Finally, stepwise procedure was used to adjust for demographic, tumor, and treatment characteristics in the association between time-varying BDI-II or BAI symptom scores and neurocognitive performance. We assessed the following variables for inclusion in each of the models: sex, age, race or ethnicity, time point, RT type (intensity modulated RT/volumetric arc therapy vs proton therapy), concurrent treatment with chemotherapy, history of seizures, antiepileptic drug use, highest education level (categorized as up to high school (≤12 years), college (12<x≤16 years), or graduate school (>16 years), baseline KPS, tumor histology (benign tumor versus glioma), and prior history of clinical anxiety or depression. Each of the variables was first assessed as a predictor of neurocognition in univariable linear mixed-effects models including random subject intercept. Those with a P value of <.20 were then included in a multivariable stepwise backward selection procedure, using P value <.10 as the criterion for remaining in the model, while keeping either time-varying BAI or BDI-II as the main predictor in the model. This stepwise procedure was repeated for all combinations of BDI-II or BAI symptom scores and neurocognitive performance. All statistical analyses were performed in R.40

Results

Patient cohort

Of the 60 patients currently enrolled in the clinical trial, this analysis includes 54 patients with baseline neurocognitive and anxiety and depression symptom data (Fig. E1). Patient characteristics are shown in Table 1. This cohort was 60% male, predominantly non-Hispanic white race (78%), and highly educated (49% college educated, 30% graduate level education). Notably, 9 patients had been diagnosed with an anxiety disorder before their brain tumor diagnosis and 8 patients had a prior diagnosis of clinical depression.

Table 1.

Patient demographics and clinical characteristics

Characteristic of baseline population, n = 54 Frequency (%) or median (range)
Age, y 47 (20-75)
Sex
 Male 32 (60)
 Female 22 (40)
Ethnicity
 Non-Hispanic
  Asian/Pacific Islander 3 (6)
  Black 1 (2)
  Middle Eastern 2 (4)
  White 42 (78)
 Hispanic 6 (11)
Highest education achieved, median (range) 16 (10-20)
 High school 11 (21)
 College 26 (49)
 Graduate School 16 (30)
Tumor diagnosis
 Glioma
  Low-grade 9 (17)
  High-grade 23 (43)
 Meningioma 12 (22)
 Pituitary adenoma 5 (9)
 Schwannoma 2 (4)
 Craniopharyngioma 2 (4)
 Chondrosarcoma 1 (2)
Tumor side
 Left 27 (50)
 Right 23 (42)
 Central 4 (8)
Tumor region
 Frontal 16 (30)
 Temporal 12 (22)
 Suprasellar 9 (17)
 Parietal 6 (11)
 Base of skull 4 (7)
 Cerebellar 3 (6)
 Cavernous sinus 3 (6)
 Sphenoid wing 1 (2)
RT type
 IMRT/VMAT 40 (74)
 Proton 14 (26)
Baseline KPS
 80 3 (6)
 90 33 (61)
 100 18 (33)
Surgery
 GTR 11 (20)
 STR 33 (61)
 Biopsy 3 (6)
 None 7 (13)
Chemotherapy* 28 (52)
Seizures 23 (43)
Antiepileptic drug use 28 (52)
Previously treated
 Anxiety 9 (17)
 Depression 8 (15)
Baseline BDI-II, median (range)§ 8.5 (0-24)
 Minimal 41 (76)
 Mild 9 (17)
 Moderate 4 (7)
 Severe 0
Baseline BAI, median (range)§ 5.5 (0-34)
 Minimal 29 (60)
 Mild 11 (23)
 Moderate 6 (13)
 Severe 2 (4)

Abbreviations: GTR = gross total resection; IMRT/VMAT = intensity modulated RT/volumetric arc therapy; KPS = Karnofsky Performance Status; RT = radiation therapy; STR = subtotal resection.

*

Received chemotherapy during or after RT.

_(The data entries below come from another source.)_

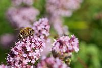 Bij op een bloem die nectar verzamelt. Insect uit de natuur aan het eten. Macro-opname van een insect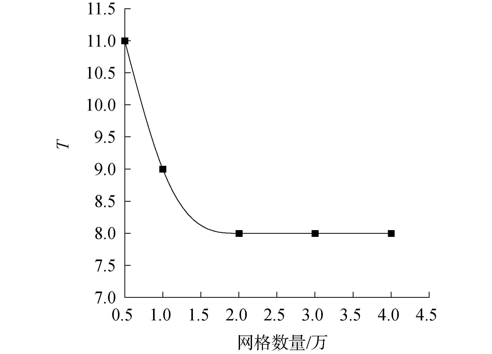 表 1 工作流体的物性参数Table 1 Physical property parameters of working fluid工作流体 工作温度范围/K 选择工作温度/K 密度/(kg·m-3) 粘度/(Pa·s) 表面张力/(N·s) 硅油 275~335 300 1 081.5 0.005 0.039 986 锂 453~540 500 504.83 0.000 54 0.393 锡 505~1 000 680 683 0 0.001 58 0.005 18 在模拟过程中,设置工作流体和空气作为两相并采用层流模型,对液滴进行初始化来设置液滴与壁面的初始相对位置和相对速度的大小,用液滴入射速度方向的不同来表示壁面与竖直方向倾斜角度的不同。设置液滴的初始位置在截面中央,用面网格剖分在截面上划分四边形二维网格,设置底边为出口,其余三条边为壁面。网格正交比为1,倾斜度最大为1.306 6×10-10,最小为1.305 7×10-10,单元最大内角均为90°。进行网格无关性检验,使用液滴达到最大铺展系数所需要的无量纲时间作为检验条件,设置硅油液滴直径为100 μm,以10 m/s的速度液滴竖直撞击壁面,时间步长为10-7 s,结果如图 3所示。30 000的网格量与20 000的网格量相比,网格数量增加了50%,但无量纲时间相同,并且从20 000之后,再增加网格数量,无量纲时间也基本不发生变化。因此,选择20 000的网格数量作为模拟用的网格标准。对于离散方法的选择,考虑到求解速度、稳定性、精度等方面的因素,采用双精度进行计算,压力速度耦合采用非迭代算法(pressure-implicit with splitting of operators, PISO),使用预压交错选项(PRESTO方法)离散压力,对动量和能量方程使用二阶迎风格式求解,瞬态方程的离散采用一阶迎风格式求解,容积比率方程采用几何重构方法求解,计算中取时间步长为10-7 s。最后,用CFD-post观察演化过程,对结果进行分析。用雷诺数描述液滴撞击的过程,雷诺数Re=ρuD/μ表示粘性流体流动时惯性力和粘滞力的比值,大的惯性力和小的粘滞力有利于空间环境下液滴的收集,因此在进行液滴收集器的设计时,应选择雷诺数较大的情况。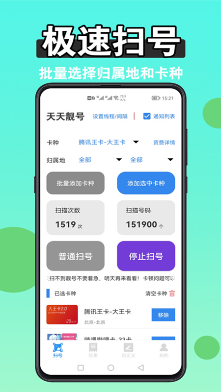 [backcolor=rgba(255, 255, 255, 0.15)]软件介绍:【天天靓号】一款最专业手机靓号扫号工具,可以多线程扫全国各地所有主流卡种靓号!支持扫多种类型,支持自定义,支持一键下单,订单查询等,扫到靓号直接一键下单!简单、易懂,适合所有人群使用!

History of active seizures.

Taking antiepileptic drugs during study.

§

Severity categories based on standard cutoffs.30,31

At baseline the median patient BDI-II score was higher than the median BAI score, at 8.5 and 5.5, respectively (Table 1). Although patients tended to report higher baseline depression symptoms than anxiety symptoms, moderate-severe BAI scores were more common (n = 8, 17%) than moderate-severe BDI-II scores (n = 4, 7%). The minimal range of symptoms was most common at baseline, comprising 75% of BDI-II responses and 58% of BAI responses.

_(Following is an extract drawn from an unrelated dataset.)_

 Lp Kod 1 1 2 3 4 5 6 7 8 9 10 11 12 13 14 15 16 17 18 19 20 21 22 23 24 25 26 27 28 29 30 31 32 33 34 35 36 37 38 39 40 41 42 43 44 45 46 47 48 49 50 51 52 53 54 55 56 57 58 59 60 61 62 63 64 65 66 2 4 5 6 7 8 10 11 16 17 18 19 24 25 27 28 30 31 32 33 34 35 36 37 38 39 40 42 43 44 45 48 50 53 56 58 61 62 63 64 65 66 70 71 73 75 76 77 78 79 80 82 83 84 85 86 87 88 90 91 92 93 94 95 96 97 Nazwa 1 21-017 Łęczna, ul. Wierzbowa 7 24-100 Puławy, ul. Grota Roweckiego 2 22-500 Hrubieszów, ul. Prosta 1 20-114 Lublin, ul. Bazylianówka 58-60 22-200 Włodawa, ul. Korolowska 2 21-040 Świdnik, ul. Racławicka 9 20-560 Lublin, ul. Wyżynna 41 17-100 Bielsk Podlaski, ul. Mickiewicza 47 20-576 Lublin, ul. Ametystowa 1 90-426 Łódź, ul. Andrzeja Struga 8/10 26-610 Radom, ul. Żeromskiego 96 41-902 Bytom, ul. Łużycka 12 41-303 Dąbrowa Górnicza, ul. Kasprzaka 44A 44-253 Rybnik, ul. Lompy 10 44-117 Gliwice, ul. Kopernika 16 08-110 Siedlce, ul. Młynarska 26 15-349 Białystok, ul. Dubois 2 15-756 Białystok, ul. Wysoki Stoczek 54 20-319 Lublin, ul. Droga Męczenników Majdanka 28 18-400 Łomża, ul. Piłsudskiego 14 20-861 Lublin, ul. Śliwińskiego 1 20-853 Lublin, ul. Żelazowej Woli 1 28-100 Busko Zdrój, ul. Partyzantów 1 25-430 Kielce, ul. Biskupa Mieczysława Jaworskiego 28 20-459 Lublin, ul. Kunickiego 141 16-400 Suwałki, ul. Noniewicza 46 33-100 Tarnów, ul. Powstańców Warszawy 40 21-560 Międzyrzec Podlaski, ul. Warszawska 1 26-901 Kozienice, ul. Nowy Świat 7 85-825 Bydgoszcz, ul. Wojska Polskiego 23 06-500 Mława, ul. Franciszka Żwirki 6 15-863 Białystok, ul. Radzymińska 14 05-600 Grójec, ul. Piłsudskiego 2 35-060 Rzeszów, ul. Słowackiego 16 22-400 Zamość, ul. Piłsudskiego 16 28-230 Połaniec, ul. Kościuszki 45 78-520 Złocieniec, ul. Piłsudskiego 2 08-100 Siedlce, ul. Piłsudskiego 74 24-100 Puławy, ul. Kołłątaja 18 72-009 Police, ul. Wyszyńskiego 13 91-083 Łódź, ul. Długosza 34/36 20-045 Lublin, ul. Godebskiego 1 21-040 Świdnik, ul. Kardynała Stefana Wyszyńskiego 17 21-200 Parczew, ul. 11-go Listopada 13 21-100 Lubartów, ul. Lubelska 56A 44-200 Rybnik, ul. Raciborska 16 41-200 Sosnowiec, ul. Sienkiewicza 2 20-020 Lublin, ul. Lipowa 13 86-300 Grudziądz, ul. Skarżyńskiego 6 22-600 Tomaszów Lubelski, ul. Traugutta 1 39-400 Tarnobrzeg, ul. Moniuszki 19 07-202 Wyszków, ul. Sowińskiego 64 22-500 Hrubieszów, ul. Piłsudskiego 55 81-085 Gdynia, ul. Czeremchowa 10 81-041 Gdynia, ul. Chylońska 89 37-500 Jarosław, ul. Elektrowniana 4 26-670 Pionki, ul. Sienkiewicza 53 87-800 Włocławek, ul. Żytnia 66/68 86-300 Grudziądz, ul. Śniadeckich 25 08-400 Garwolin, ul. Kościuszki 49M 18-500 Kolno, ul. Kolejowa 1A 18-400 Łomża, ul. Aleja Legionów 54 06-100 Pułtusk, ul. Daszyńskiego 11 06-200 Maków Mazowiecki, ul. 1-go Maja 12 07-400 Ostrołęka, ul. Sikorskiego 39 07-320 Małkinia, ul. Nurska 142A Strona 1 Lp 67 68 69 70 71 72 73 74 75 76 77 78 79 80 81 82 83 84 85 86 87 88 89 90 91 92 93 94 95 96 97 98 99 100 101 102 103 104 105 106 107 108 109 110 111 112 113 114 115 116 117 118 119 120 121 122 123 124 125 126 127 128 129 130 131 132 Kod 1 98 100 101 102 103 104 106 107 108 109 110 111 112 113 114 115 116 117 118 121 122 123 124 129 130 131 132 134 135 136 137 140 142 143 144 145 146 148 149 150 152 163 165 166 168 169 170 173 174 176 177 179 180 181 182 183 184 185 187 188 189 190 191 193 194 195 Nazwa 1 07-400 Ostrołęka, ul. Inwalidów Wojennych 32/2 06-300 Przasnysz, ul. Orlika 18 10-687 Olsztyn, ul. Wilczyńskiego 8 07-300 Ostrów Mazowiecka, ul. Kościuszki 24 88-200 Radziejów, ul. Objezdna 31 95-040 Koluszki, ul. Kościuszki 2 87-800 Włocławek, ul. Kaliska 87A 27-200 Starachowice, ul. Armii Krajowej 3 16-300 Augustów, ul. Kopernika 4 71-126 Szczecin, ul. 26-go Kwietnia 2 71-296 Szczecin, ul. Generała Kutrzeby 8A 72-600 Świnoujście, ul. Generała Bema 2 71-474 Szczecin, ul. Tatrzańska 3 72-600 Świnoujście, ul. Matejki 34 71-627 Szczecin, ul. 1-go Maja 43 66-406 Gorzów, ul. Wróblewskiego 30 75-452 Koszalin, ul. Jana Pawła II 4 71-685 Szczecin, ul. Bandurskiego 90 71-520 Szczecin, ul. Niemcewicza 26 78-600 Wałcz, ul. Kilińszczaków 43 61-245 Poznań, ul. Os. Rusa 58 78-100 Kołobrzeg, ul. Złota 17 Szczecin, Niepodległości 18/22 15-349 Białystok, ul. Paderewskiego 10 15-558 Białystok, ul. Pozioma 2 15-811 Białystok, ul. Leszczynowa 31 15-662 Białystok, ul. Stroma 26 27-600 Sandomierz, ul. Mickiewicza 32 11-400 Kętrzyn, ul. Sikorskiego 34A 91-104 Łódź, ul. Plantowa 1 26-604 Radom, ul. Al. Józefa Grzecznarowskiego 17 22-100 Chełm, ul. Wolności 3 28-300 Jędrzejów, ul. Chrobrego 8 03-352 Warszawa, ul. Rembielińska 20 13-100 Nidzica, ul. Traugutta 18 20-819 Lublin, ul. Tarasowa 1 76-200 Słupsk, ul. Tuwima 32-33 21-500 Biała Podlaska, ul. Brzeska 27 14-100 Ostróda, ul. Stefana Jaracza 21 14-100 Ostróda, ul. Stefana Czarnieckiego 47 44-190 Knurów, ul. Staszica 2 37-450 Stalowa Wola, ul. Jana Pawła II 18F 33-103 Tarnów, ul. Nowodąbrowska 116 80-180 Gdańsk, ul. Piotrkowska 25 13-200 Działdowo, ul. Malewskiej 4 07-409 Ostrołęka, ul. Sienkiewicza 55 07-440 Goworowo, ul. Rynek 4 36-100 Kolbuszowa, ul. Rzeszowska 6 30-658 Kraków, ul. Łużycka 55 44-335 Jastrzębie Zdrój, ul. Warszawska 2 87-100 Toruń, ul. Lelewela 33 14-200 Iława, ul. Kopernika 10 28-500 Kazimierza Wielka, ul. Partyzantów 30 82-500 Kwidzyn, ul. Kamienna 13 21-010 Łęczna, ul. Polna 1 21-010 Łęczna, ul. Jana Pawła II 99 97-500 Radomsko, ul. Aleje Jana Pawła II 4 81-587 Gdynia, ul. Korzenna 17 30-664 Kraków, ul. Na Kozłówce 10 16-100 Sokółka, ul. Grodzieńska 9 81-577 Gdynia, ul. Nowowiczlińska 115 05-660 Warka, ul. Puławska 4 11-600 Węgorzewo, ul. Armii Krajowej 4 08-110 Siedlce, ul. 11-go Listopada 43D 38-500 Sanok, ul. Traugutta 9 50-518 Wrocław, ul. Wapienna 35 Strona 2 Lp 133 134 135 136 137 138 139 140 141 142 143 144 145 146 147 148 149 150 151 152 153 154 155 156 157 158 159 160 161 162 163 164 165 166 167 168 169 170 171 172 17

Twelve tests among 3 cognitive domains (attention and processing speed, executive functioning, and memory) were examined, as described earlier. Changes in these neurocognitive outcomes over time have been assessed and reported previously.41,42

Depression and anxiety symptoms

BDI-II and BAI scores for the cohort over time are shown in Figure 1. There was no statistically significant change in BDI-II scores over time (Figure. 1a and b). BAI scores, however, did decrease significantly over time (linear mixed-effects, P = .003; Figure. 1c and d).

Fig. 1.

Fig. 1.

BDI and BAI scores over time. Boxplots and line plots for raw BDI and BAI scores over time. Line plots are mean scores over time with error bars representing the 95% confidence intervals. (a and b) BDI scores are not statistically different over time. (c and d) BAI scores significantly decrease over time (P = .003).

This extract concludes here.